On Thursday, August 7, 2014 12:29:05 PM UTC+1, Konrad Malawski wrote:
Hi Lawrence,
In general, exactly one entity in a distributed system should be responsible 
for deciding about success / failure,
otherwise there always will be a race of some kind.

In your case though, the problem arrises because the service actor does not 
know if the transaction actor has completed the work,
so how about sending the response back through the transaction actor?

Also, in your case, can the transaction actor fail after sending it's response 
to the client actor, how would that happen (with a NonFatal exception)?
I'd expect it to do `client ! stuff; context stop self`, is that not the case?



On Thu, Aug 7, 2014 at 8:59 AM, Lawrence Wagerfield 
<lawr...@dmz.wagerfield.com> wrote:
I have problem that involves synchronising outbound messages from a parent 
actor and its child actor.
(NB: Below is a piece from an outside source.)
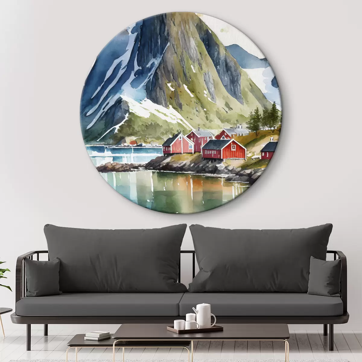 Runde Wandbilder Norwegen, Natur, Aquarell, Lofoten Nr r36685

This particular problem is with regards to 
forwarding failure messages to clients. 

Here is the example: 

I have a service actor that receives a request from a client actor.

The service actor creates a new child transaction actor to deal with said 
request, which then response directly to the client actor after performing the 
work.

If the transaction actor fails, it is stopped by the service actor which then 
sends a failure report to the client actor.

The problem is the client actor must now support receiving failures after 
receiving the response it is actually interested in - otherwise the potential 
'post-workload' failures from the transaction actor may deadletter, or worse, 
be misinterpreted by the client actor (i.e. a failure for a subsequent 
transaction).

I have considered an approach whereby the client actor must wait for the 
transaction actor to terminate before safely continuing, since after that 
point, it can be guaranteed that no more messages will be received.

Is there a common solution to this problem?